(Stored records)
◇ ◇ ◇ ◇ ◇
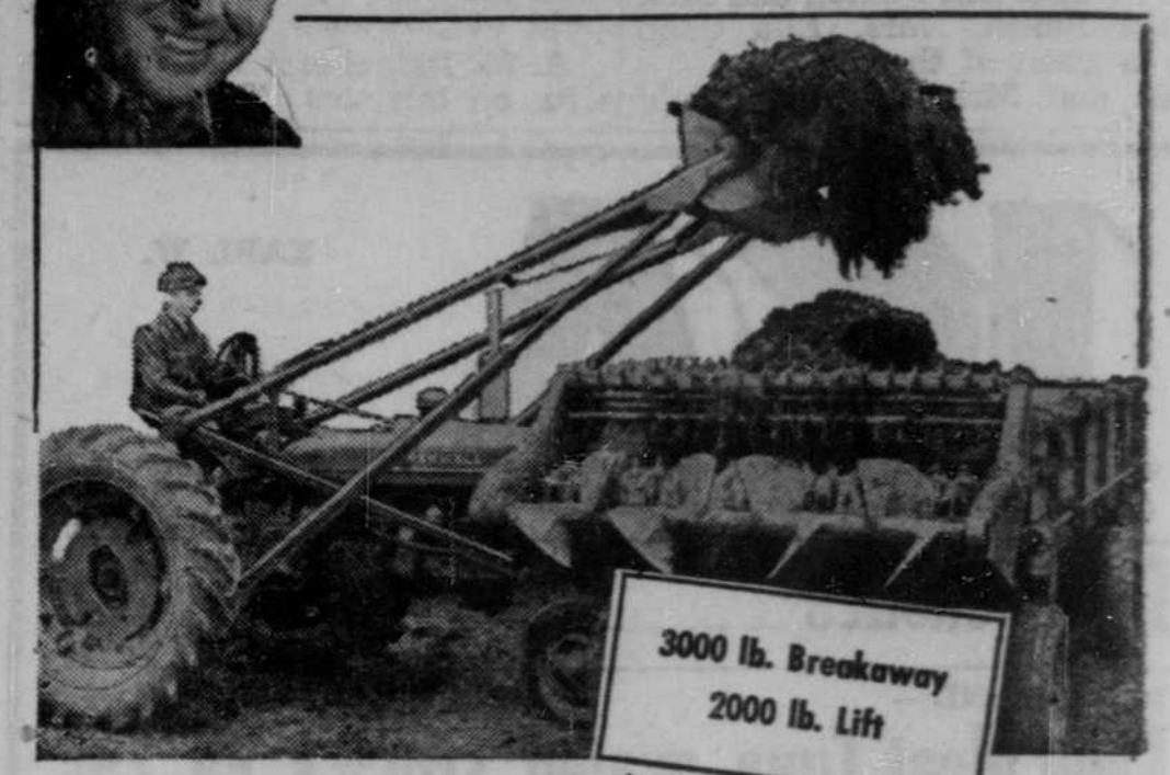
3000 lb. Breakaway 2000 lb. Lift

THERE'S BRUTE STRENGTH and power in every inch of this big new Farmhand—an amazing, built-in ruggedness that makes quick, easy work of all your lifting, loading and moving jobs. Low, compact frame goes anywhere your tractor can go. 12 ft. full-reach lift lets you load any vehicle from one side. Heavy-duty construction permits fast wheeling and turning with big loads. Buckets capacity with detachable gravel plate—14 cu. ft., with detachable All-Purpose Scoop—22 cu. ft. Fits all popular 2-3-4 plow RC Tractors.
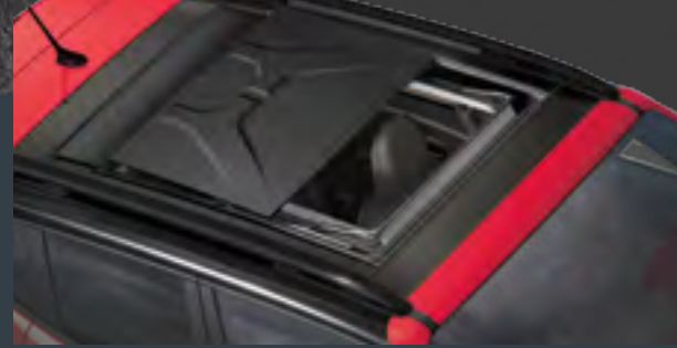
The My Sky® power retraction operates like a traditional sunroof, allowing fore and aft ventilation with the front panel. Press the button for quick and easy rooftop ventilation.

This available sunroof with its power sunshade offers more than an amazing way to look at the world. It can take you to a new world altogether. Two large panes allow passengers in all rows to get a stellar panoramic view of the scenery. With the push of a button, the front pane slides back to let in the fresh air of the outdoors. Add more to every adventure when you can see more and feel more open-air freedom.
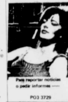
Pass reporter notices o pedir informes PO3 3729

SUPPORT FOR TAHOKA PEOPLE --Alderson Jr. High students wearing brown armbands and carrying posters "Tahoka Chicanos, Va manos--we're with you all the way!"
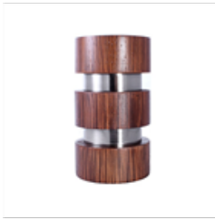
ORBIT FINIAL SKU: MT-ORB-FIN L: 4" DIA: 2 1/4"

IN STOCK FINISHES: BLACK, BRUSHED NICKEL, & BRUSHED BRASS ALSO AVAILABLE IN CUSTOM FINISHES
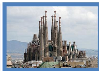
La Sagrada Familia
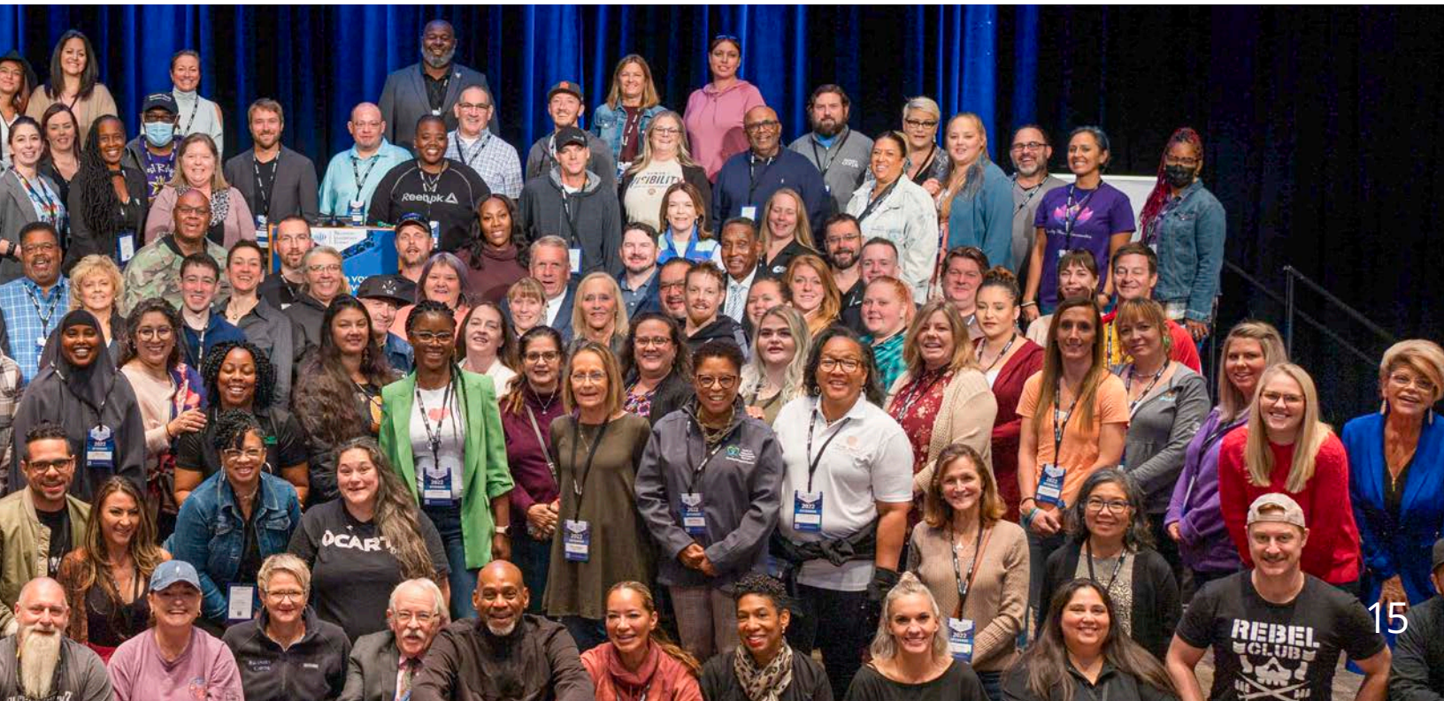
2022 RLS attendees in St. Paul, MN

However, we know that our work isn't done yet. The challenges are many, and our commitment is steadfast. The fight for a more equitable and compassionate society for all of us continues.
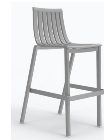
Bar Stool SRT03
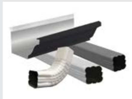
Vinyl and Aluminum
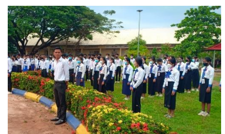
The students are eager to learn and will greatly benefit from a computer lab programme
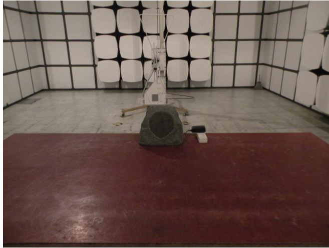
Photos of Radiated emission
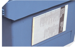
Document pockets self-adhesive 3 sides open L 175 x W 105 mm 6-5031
◇ ◇ ◇ ◇ ◇
Only the lines from the one with "Bar Stool SRT03" through the final line of the data should be written out, exactly and including both ends. Skip the pictures.

--- Solution to this problem ---
Bar Stool SRT03
Vinyl and Aluminum
The students are eager to learn and will greatly benefit from a computer lab programme
Photos of Radiated emission
Document pockets self-adhesive 3 sides open L 175 x W 105 mm 6-5031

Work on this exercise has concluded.